Problem:
Output everything in the data exactly, leaving the pictures out.
--- Supplied information ---
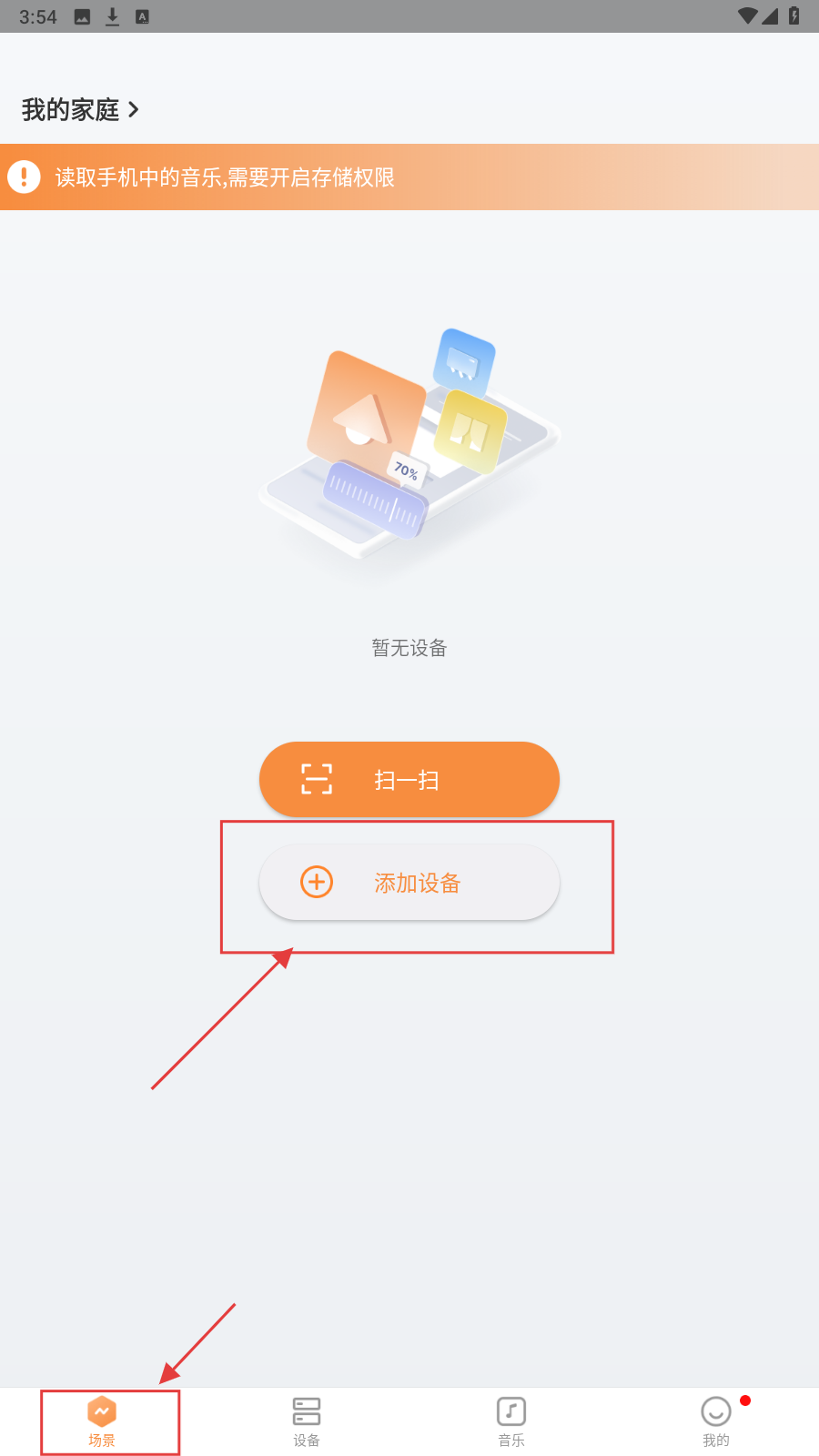 1、在【场景】页,点击【添加设备】进入设备添加流程。
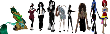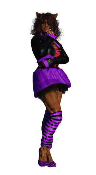 Mel's Mask form in her four main outfits - the first one is the wrestler, the second is the 'mother', the third is the seductress or the 'I can be anything you want me to, baby' one and the fourth one is the main one. The fourth one is supposed to be a LOT shapelier and bustier too. In masked form, Mel is wacky, energetic and cartoony as opposed to her shy and naive normal self and is full of jokes and one-liners and she is also a bit of a flirt when in this form too. And also it is implied that in some cases she doesn't need to wear the mask to become her.The mask itself was given to her in a piece of fan-mail that one of her fans sent her prior to the events of the evil Lithius incident.
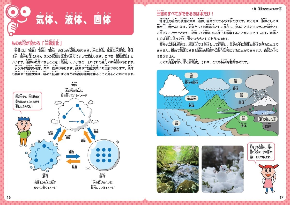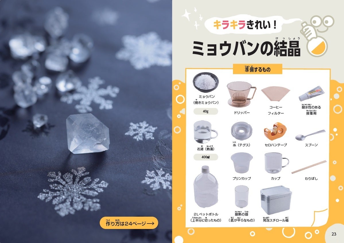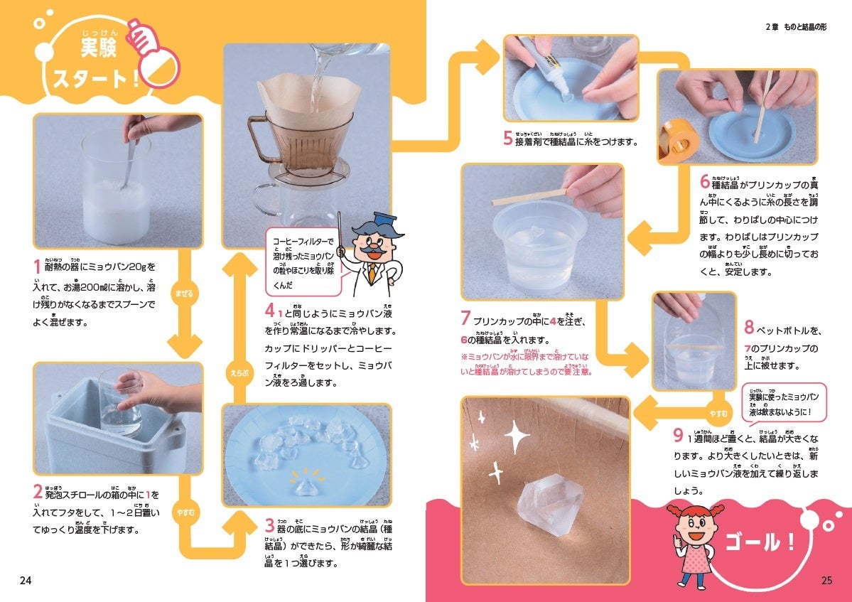 ミョウバンの結晶作りや炎色反応など、自宅で簡単に取り組める実験と、それに関連する科学・技術を、かわいいキャラクターと一緒に学べます。小学生のお子さんひとりでも読めるよう、漢字はすべてルビ付き。調べ学習や自由研究にもぴったりな1冊です。
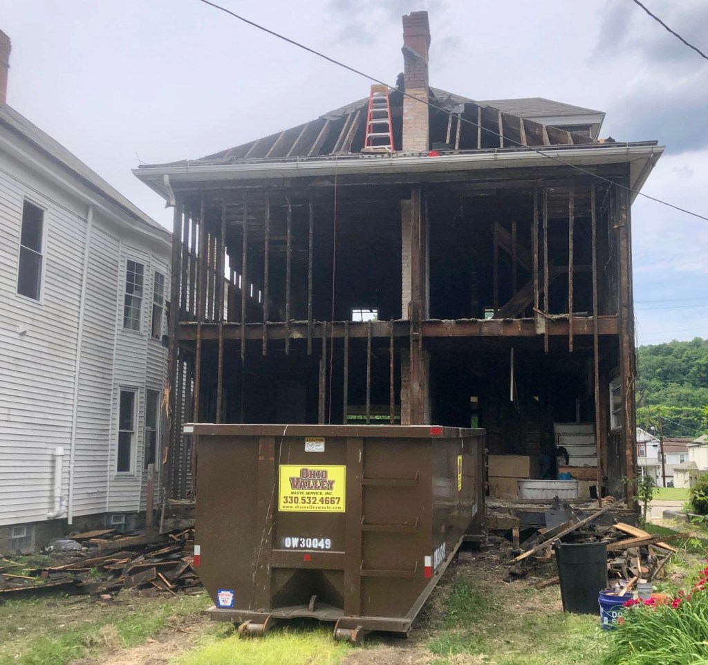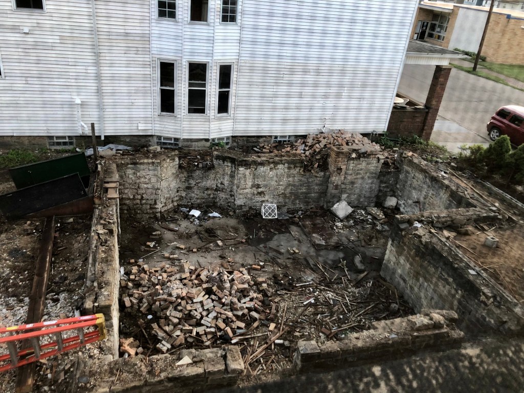 If you were to create a square out of the land and three buildings in our project, until a few weeks ago, you would have seen a fourth structure in the northwest quadrant. A house overcome with weeds climbing into windows, electrical lines clipped, siding rotting away revealing a previous layer of siding it once attempted to cover. The back door window glass shattered. A broken chair. A faux fireplace covered in coal-and-dirt-blackened fake flowers. Small white plastic packets the size of postage stamps scattering the porch amidst the broken glass. A container of cleaning fluid off to the side. Wrought iron posts pushing down through rotting wood.
---
Solution for this problem:
 1、在【场景】页,点击【添加设备】进入设备添加流程。
 Mel's Mask form in her four main outfits - the first one is the wrestler, the second is the 'mother', the third is the seductress or the 'I can be anything you want me to, baby' one and the fourth one is the main one. The fourth one is supposed to be a LOT shapelier and bustier too. In masked form, Mel is wacky, energetic and cartoony as opposed to her shy and naive normal self and is full of jokes and one-liners and she is also a bit of a flirt when in this form too. And also it is implied that in some cases she doesn't need to wear the mask to become her.The mask itself was given to her in a piece of fan-mail that one of her fans sent her prior to the events of the evil Lithius incident.
 ミョウバンの結晶作りや炎色反応など、自宅で簡単に取り組める実験と、それに関連する科学・技術を、かわいいキャラクターと一緒に学べます。小学生のお子さんひとりでも読めるよう、漢字はすべてルビ付き。調べ学習や自由研究にもぴったりな1冊です。
 If you were to create a square out of the land and three buildings in our project, until a few weeks ago, you would have seen a fourth structure in the northwest quadrant. A house overcome with weeds climbing into windows, electrical lines clipped, siding rotting away revealing a previous layer of siding it once attempted to cover. The back door window glass shattered. A broken chair. A faux fireplace covered in coal-and-dirt-blackened fake flowers. Small white plastic packets the size of postage stamps scattering the porch amidst the broken glass. A container of cleaning fluid off to the side. Wrought iron posts pushing down through rotting wood.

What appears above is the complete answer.